_Work task_
Please restate the data that follows word for word, with the pictures left out.

BEGIN Given information

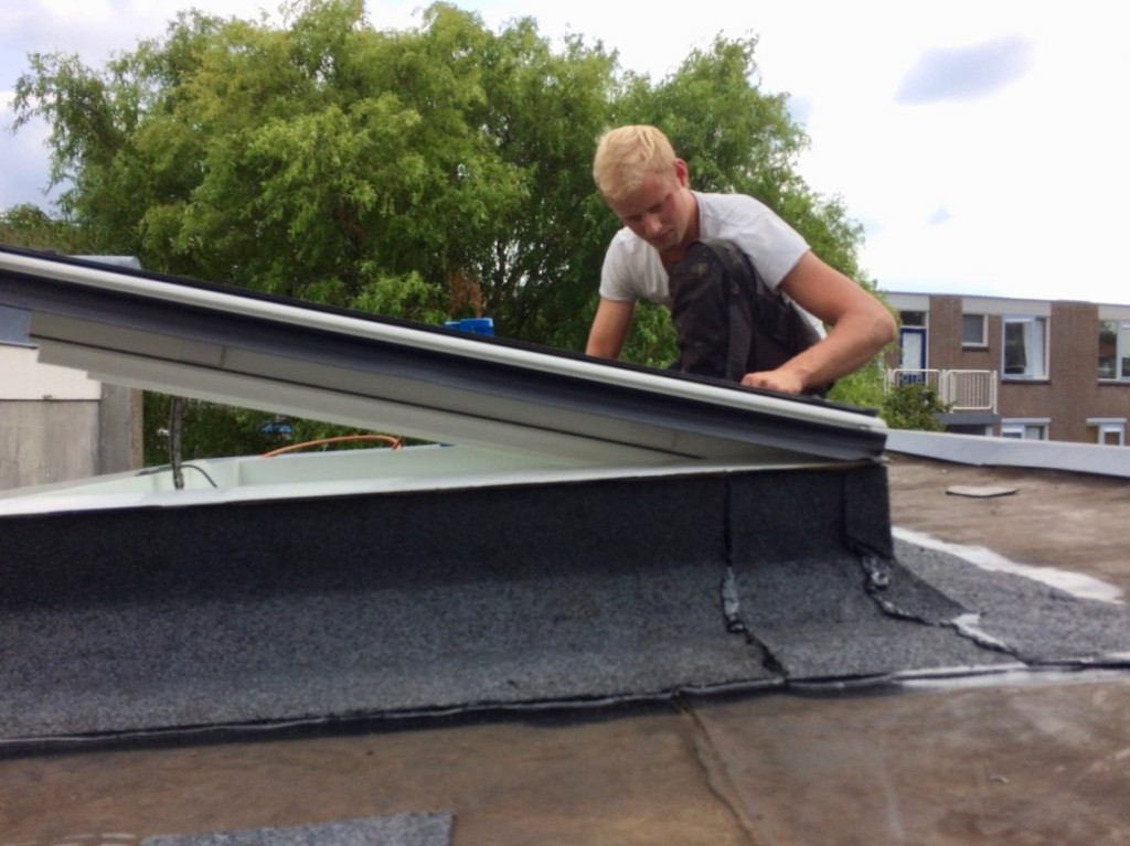 Toen het luik helemaal vast zat, heeft Bart het keurig in bitumen geplakt, zodat het voor altijd waterdicht is.
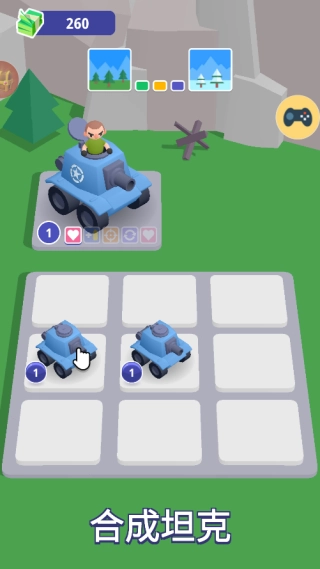 1、在关卡准备阶段,你可以购买坦克,相同坦克进行合并升级,获得更强高阶坦克。
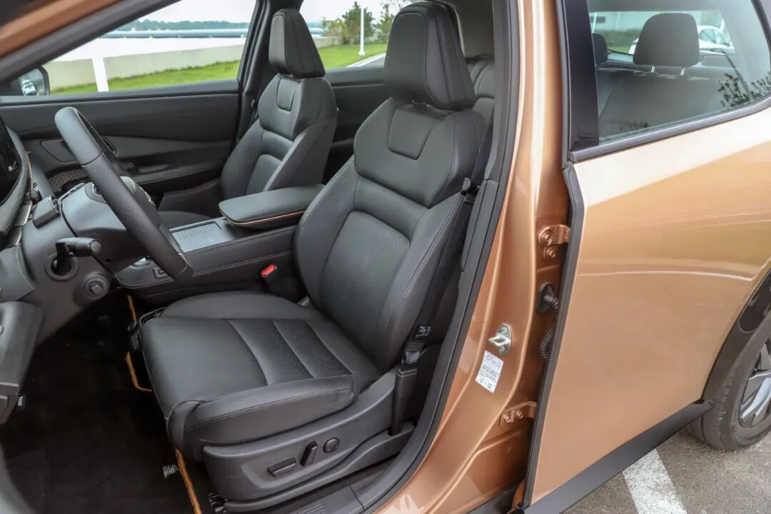 座椅采用真皮材质包裹,填充比较柔软舒适,但没有天籁“大沙发”那么软。前排座椅带有电动调节和加热功能,主驾驶座椅支持座椅位置记忆。

END Given information

_Result for this task_
 Toen het luik helemaal vast zat, heeft Bart het keurig in bitumen geplakt, zodat het voor altijd waterdicht is.
 1、在关卡准备阶段,你可以购买坦克,相同坦克进行合并升级,获得更强高阶坦克。
 座椅采用真皮材质包裹,填充比较柔软舒适,但没有天籁“大沙发”那么软。前排座椅带有电动调节和加热功能,主驾驶座椅支持座椅位置记忆。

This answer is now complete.